■ Data ■
________________

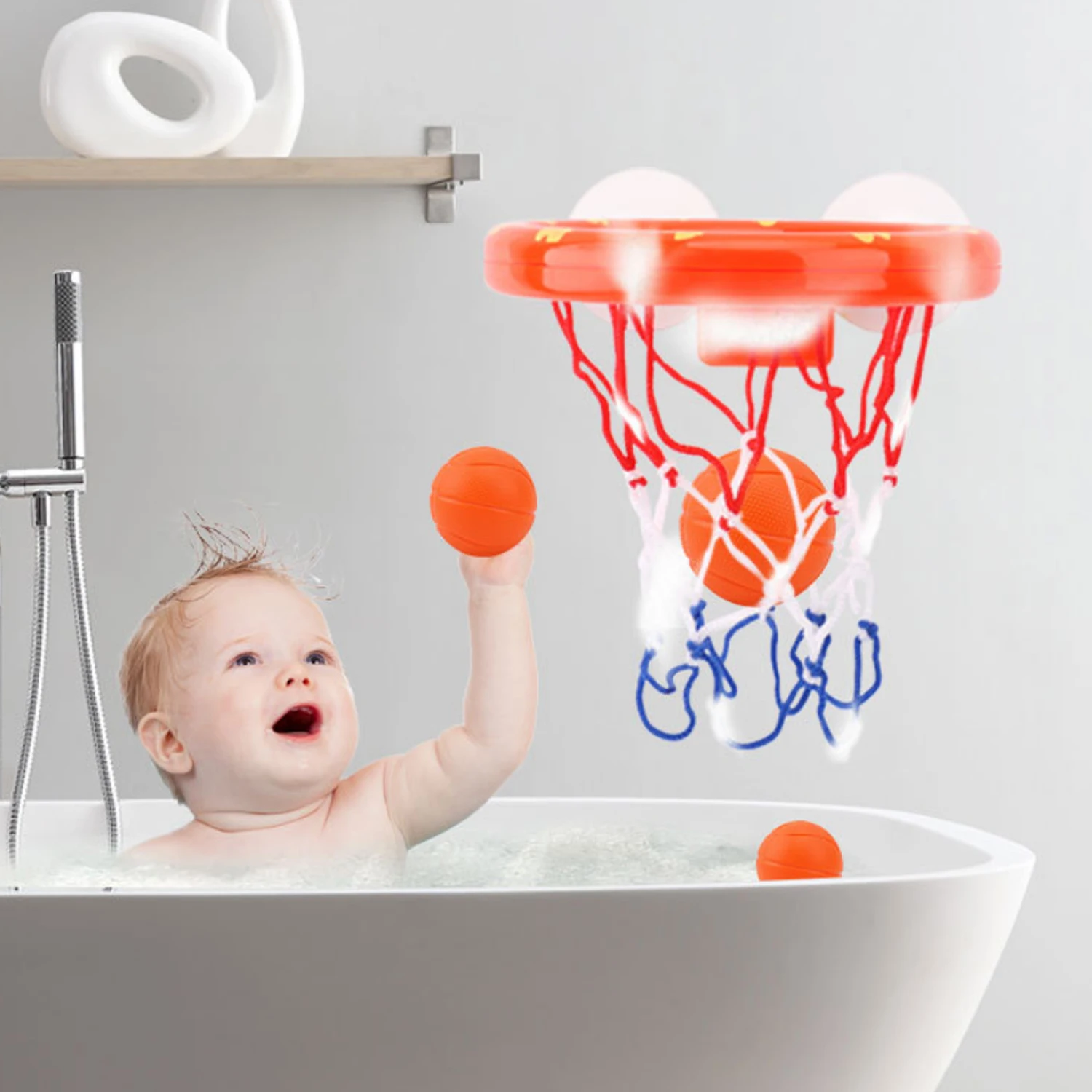 Забавные мини игра баскетбол для ванной игрушки с обручем шары присоска чашки для ванной Ванная комната детей
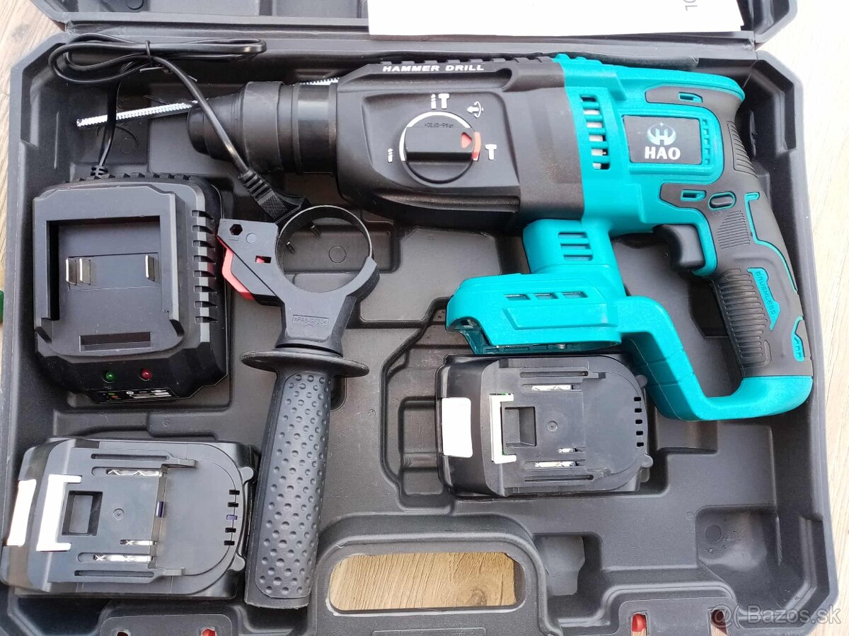 priklepove akumulatorove baterkove vŕtacie kladivo na vŕtanie s príklepom bez priklepu sekanie, dve baterky a nabijačka.
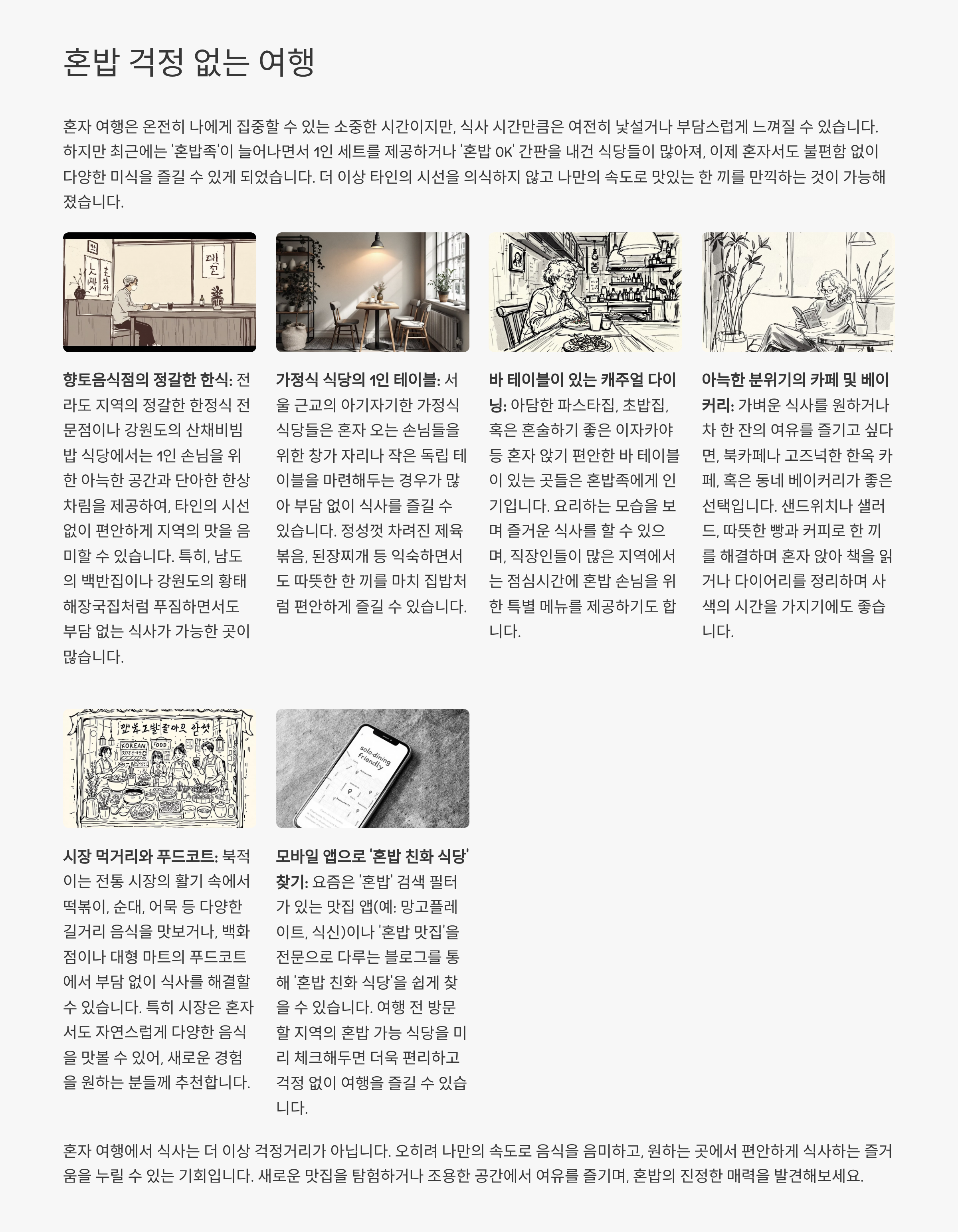 특히 ‘혼밥 가능한 식당’, ‘조용한 숙소’, ‘여행 동선’까지 모두 고려해야 진짜 도움이 되는 정보가 되죠. 먼저, 혼밥 문제는 예
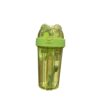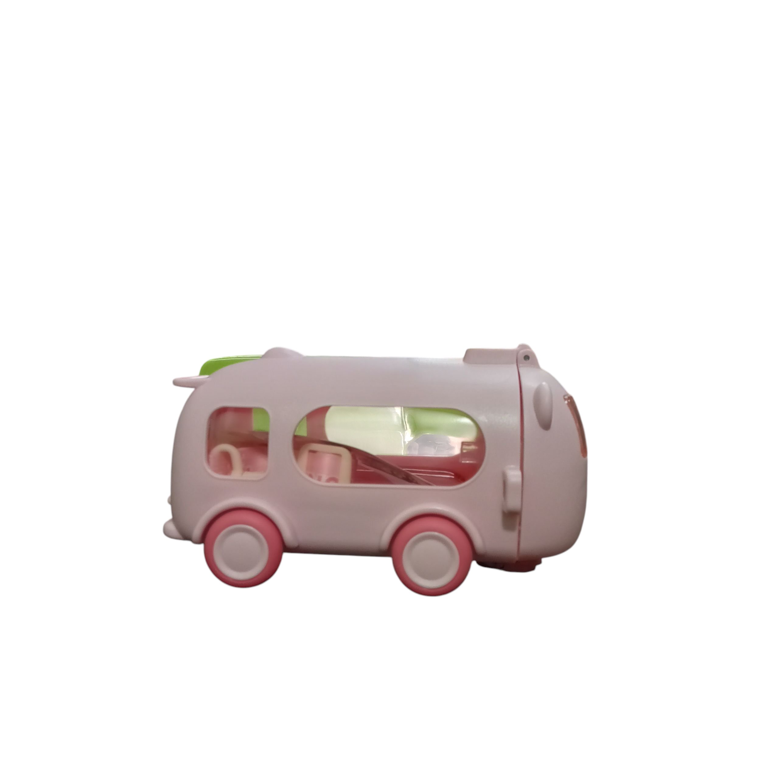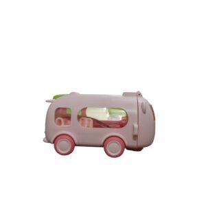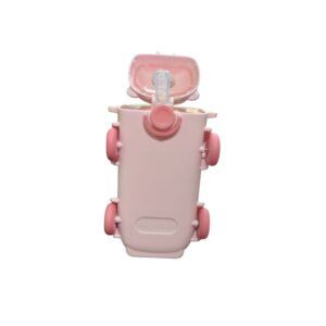 Adorable pink bus-shaped water bottle with wheels and flip-top straw lid, fun and practical for kids.

________________

■ Work request ■
Only the lines from the line containing "priklepove akumulatorove baterkove" through the end of the material should be retyped, exactly and in full, with no pictures.

■ Your response ■
 priklepove akumulatorove baterkove vŕtacie kladivo na vŕtanie s príklepom bez priklepu sekanie, dve baterky a nabijačka.
 특히 ‘혼밥 가능한 식당’, ‘조용한 숙소’, ‘여행 동선’까지 모두 고려해야 진짜 도움이 되는 정보가 되죠. 먼저, 혼밥 문제는 예
 Adorable pink bus-shaped water bottle with wheels and flip-top straw lid, fun and practical for kids.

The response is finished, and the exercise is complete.